What you are asked to do
What is needed here is an exact printout of the data, with no pictures included.
━━━ Dataset excerpt ━━━
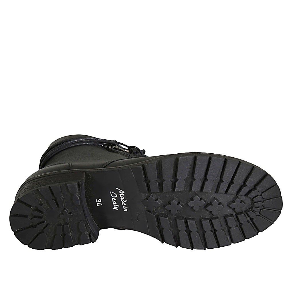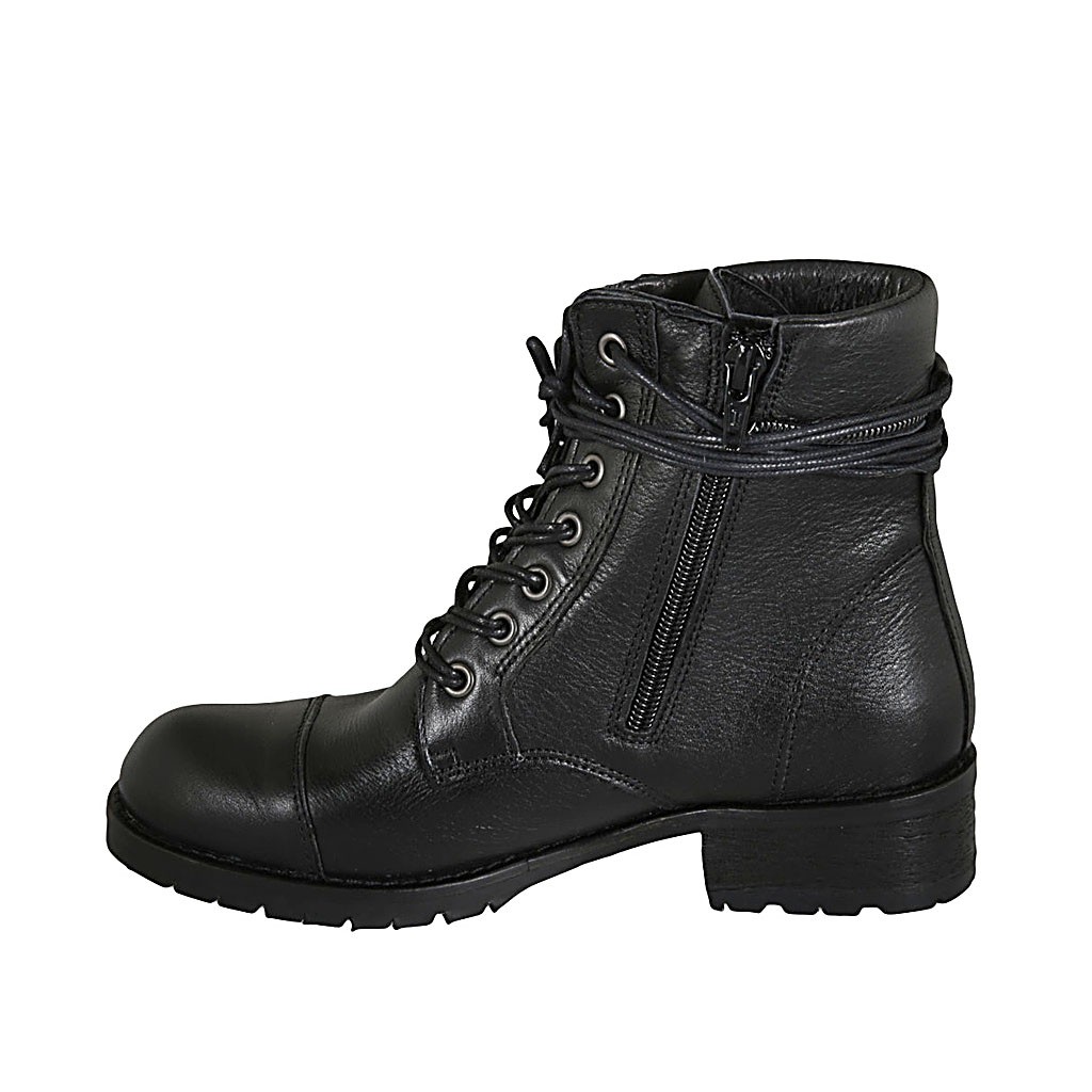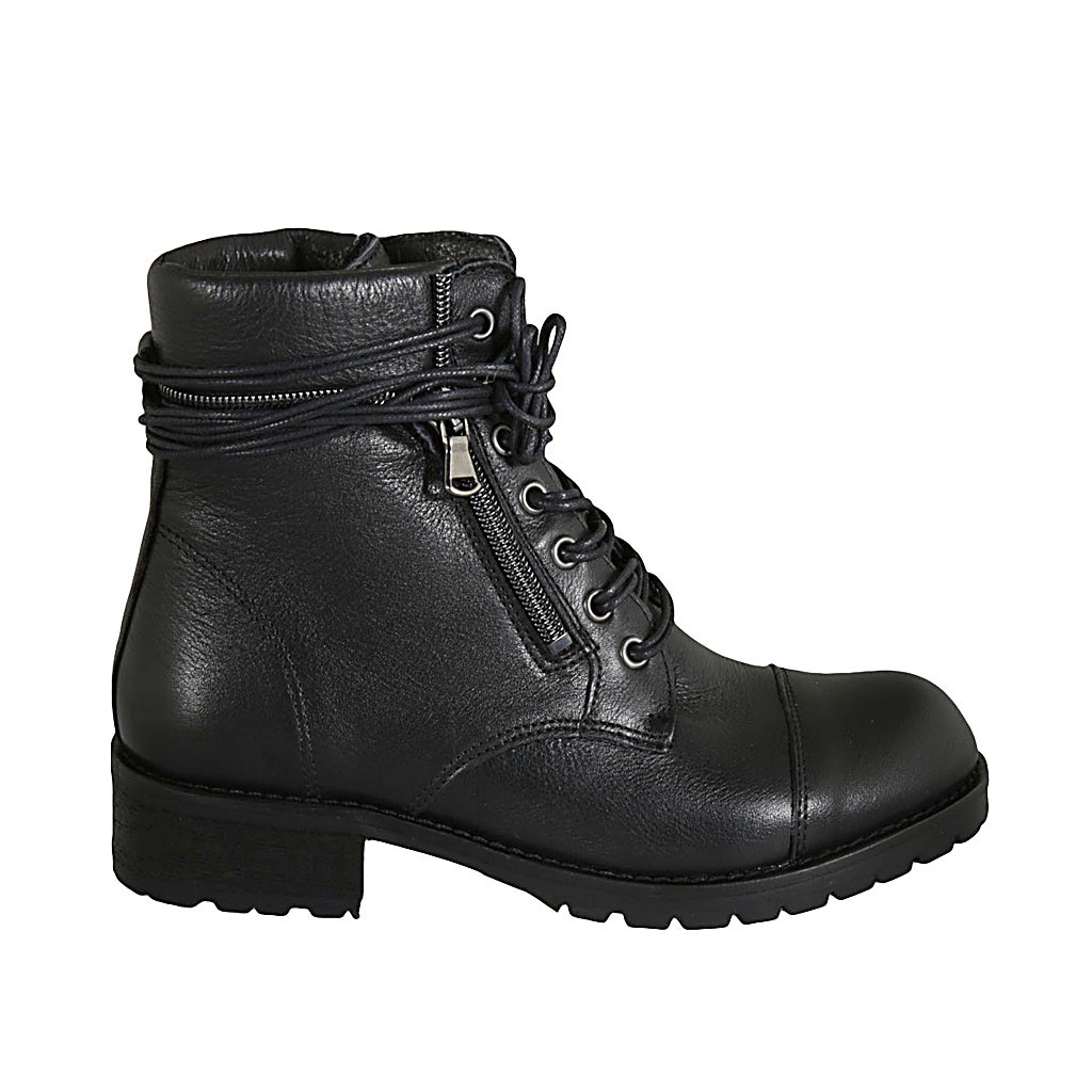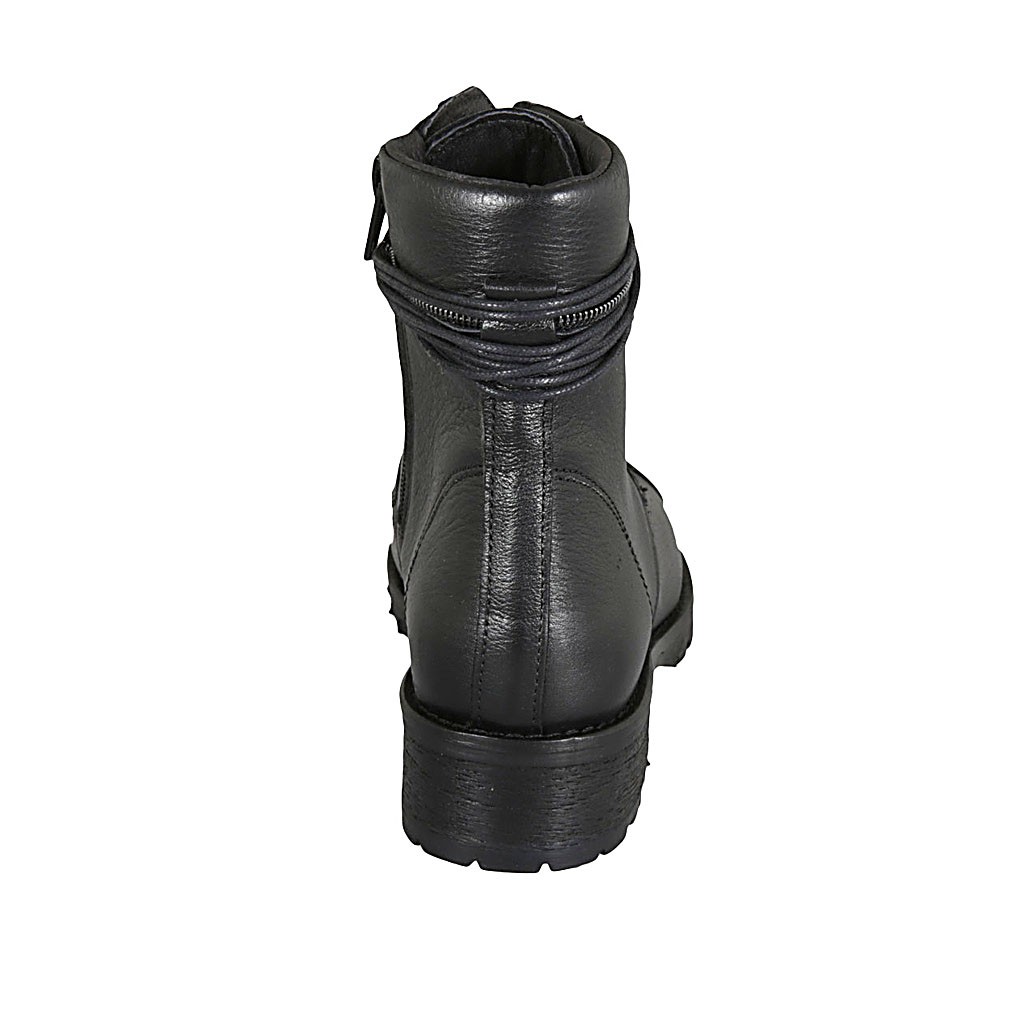 Botin para mujer con cordones, cremalleras y puntera en piel negra tacon 4
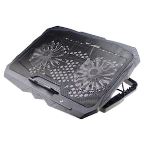 A superfície de metal confere durabilidade e uma estética premium ao suporte, proporcionando um local seguro para o seu notebook. Equipado com dois fans de 14cm, iluminados por LEDs azuis, oferece um resfriamento adicional para manter o seu laptop em condições ideais durante longas sessões de uso.
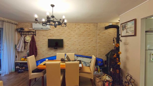 A kép az étkezőt ábrázolja. A bútorok megkímélt állapotúak, újszerűek. A hálószobákba helytakarékos tolóajtókat építtetett be a tulajdonos. A lakószoba,- padlózata vízálló vinyl padló, a szobák parkettásak, a többi helyiség kerámia járólappal burkolt.
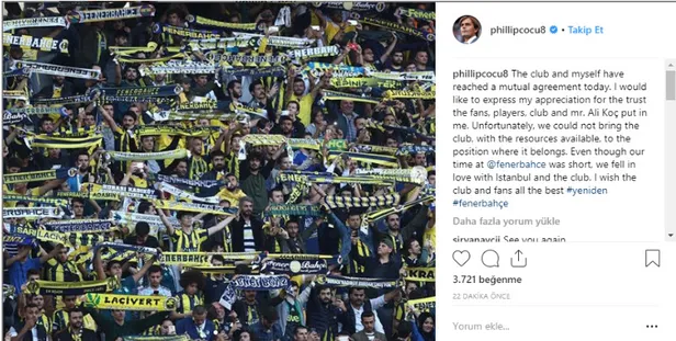 "Taraftarlara, oyunculara, kulübe ve Ali Koç'a bana güvendikleri için teşekkür ederim. Maalesef Fenerbahçe'yi mevcut kaynaklarla hak ettiği yere ulaştıramadık. Taraftarlara ve Fenerbahçe'ye en iyisini diliyorum."
━━━
Exercise answer
 Botin para mujer con cordones, cremalleras y puntera en piel negra tacon 4
 A superfície de metal confere durabilidade e uma estética premium ao suporte, proporcionando um local seguro para o seu notebook. Equipado com dois fans de 14cm, iluminados por LEDs azuis, oferece um resfriamento adicional para manter o seu laptop em condições ideais durante longas sessões de uso.
 A kép az étkezőt ábrázolja. A bútorok megkímélt állapotúak, újszerűek. A hálószobákba helytakarékos tolóajtókat építtetett be a tulajdonos. A lakószoba,- padlózata vízálló vinyl padló, a szobák parkettásak, a többi helyiség kerámia járólappal burkolt.
 "Taraftarlara, oyunculara, kulübe ve Ali Koç'a bana güvendikleri için teşekkür ederim. Maalesef Fenerbahçe'yi mevcut kaynaklarla hak ettiği yere ulaştıramadık. Taraftarlara ve Fenerbahçe'ye en iyisini diliyorum."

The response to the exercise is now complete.